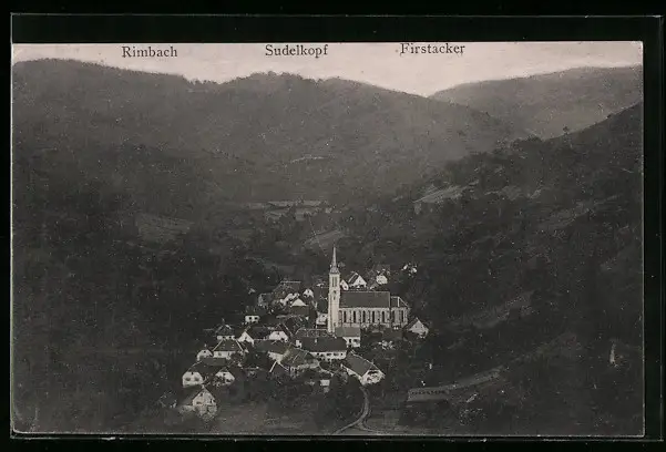 AK Rimbach, Teilansicht mit Kirche, Sudelkopf und Firstacker
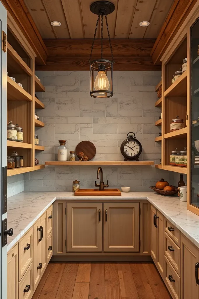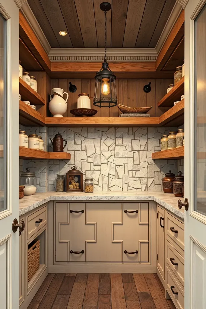 Natural wood brings unparalleled warmth when used in the construction of pantries. The added detail of a stone backsplash is ageless. The combination of elements creates a space with warmth, something I value deeply. This design embraces natural, textured tones which is excellent for rustic or transitional homes.
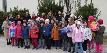 Το δέντρο στολίστηκε με τις παιδικές δημιουργικές χειροτεχνίες των μικρών μαθητών, που επιμελήθηκαν οι δάσκαλοί τους στο σχολείο, με υλικά που τους χορήγησε η Εφορεία Αρχαιοτήτων Κοζάνης.
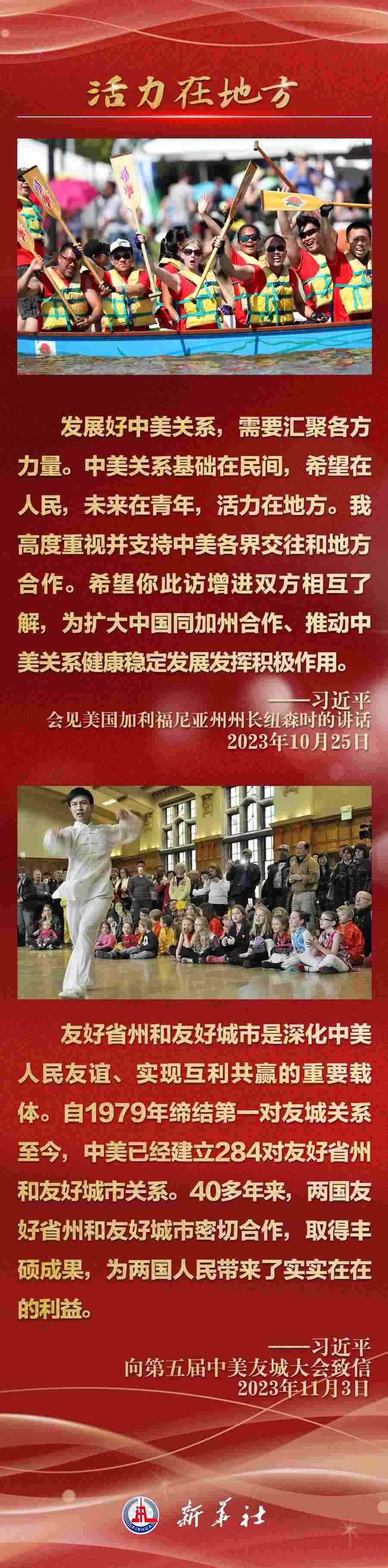 今年以來,從在京會見美國各界人士,到向“鼓嶺緣”中美民間友好論壇等活動致賀信,再到復信美國華盛頓州“美中青少年學生交流協(xié)會”、史迪威將軍后人、飛虎隊老兵等友好人士,習近平主席同美國各界真摯互動,強調(diào)中美關(guān)系基礎(chǔ)在民間,希望在人民,未來在青年,活力在地方。

________________

WHAT YOU HAVE TO DO> Except for the pictures, write the data out exactly.

OUTPUT FOR THIS TASK>
 AK Rimbach, Teilansicht mit Kirche, Sudelkopf und Firstacker
 Natural wood brings unparalleled warmth when used in the construction of pantries. The added detail of a stone backsplash is ageless. The combination of elements creates a space with warmth, something I value deeply. This design embraces natural, textured tones which is excellent for rustic or transitional homes.
 Το δέντρο στολίστηκε με τις παιδικές δημιουργικές χειροτεχνίες των μικρών μαθητών, που επιμελήθηκαν οι δάσκαλοί τους στο σχολείο, με υλικά που τους χορήγησε η Εφορεία Αρχαιοτήτων Κοζάνης.
 今年以來,從在京會見美國各界人士,到向“鼓嶺緣”中美民間友好論壇等活動致賀信,再到復信美國華盛頓州“美中青少年學生交流協(xié)會”、史迪威將軍后人、飛虎隊老兵等友好人士,習近平主席同美國各界真摯互動,強調(diào)中美關(guān)系基礎(chǔ)在民間,希望在人民,未來在青年,活力在地方。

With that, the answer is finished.